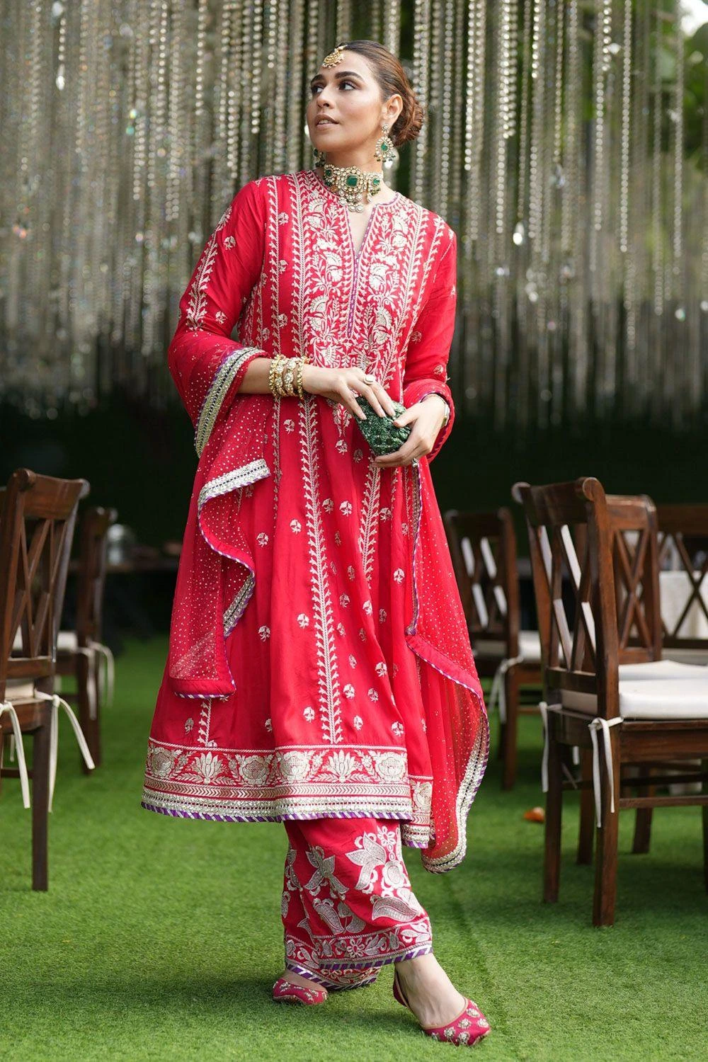 In the symphony of elegance, the Rouge Anarkali Set takes center stageùa masterpiece in tussar & lycra. With flowing kalis, a palazzo & chiffon dupatta, this ensemble paints a picture of grace. An ode to timeless sophistication perfect for occasions.
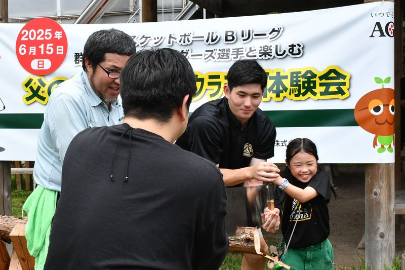そんな想いを胸に、群馬クレインサンダーズと味の素AGF(株)は一般公募で集まった14組28名の親子を招き、「父の日 親子木工クラフト体験会」を群馬県前橋市にあるサンデンフォレストで開催。当日は群馬クレインサンダーズの細川一輝選手、池田親平アシスタントコーチが参加し、前橋市の阿久澤萌市議も駆けつけてくれました。
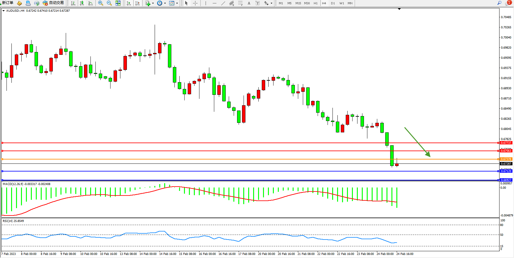 交易策略:0.67378下方看跌,目标0.67120、0.66927
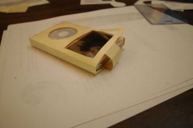 saqué una baraja de cartas y ahuecado un espacio interior para mi Ipod Nano.Luego montar el Ipod dentro y había montado en una tarjeta en la espalda y uno con un agujero de observación en el frente...Todavía puede utilizar la rueda de clic y es fácil
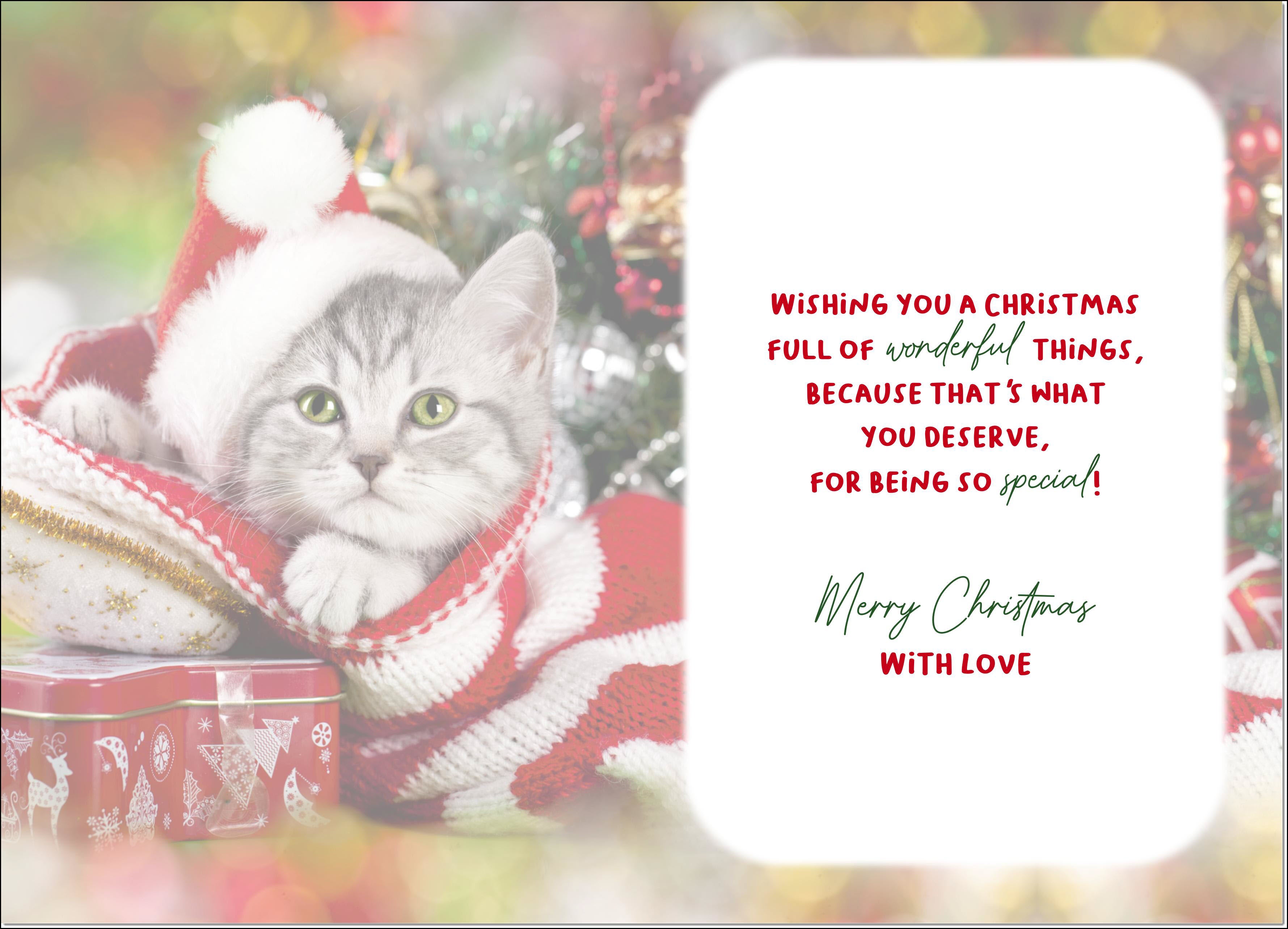 Nannie Christmas Card Cute Santa Paws Kitten Cat Pet Christmas Hat

-----

#### About this task:
Begin at the first line of the entries and end at the line containing "saqué una baraja": write out each line exactly, skipping pictures.

#### Solution for this exercise:
 In the symphony of elegance, the Rouge Anarkali Set takes center stageùa masterpiece in tussar & lycra. With flowing kalis, a palazzo & chiffon dupatta, this ensemble paints a picture of grace. An ode to timeless sophistication perfect for occasions.
そんな想いを胸に、群馬クレインサンダーズと味の素AGF(株)は一般公募で集まった14組28名の親子を招き、「父の日 親子木工クラフト体験会」を群馬県前橋市にあるサンデンフォレストで開催。当日は群馬クレインサンダーズの細川一輝選手、池田親平アシスタントコーチが参加し、前橋市の阿久澤萌市議も駆けつけてくれました。
 交易策略:0.67378下方看跌,目标0.67120、0.66927
 saqué una baraja de cartas y ahuecado un espacio interior para mi Ipod Nano.Luego montar el Ipod dentro y había montado en una tarjeta en la espalda y uno con un agujero de observación en el frente...Todavía puede utilizar la rueda de clic y es fácil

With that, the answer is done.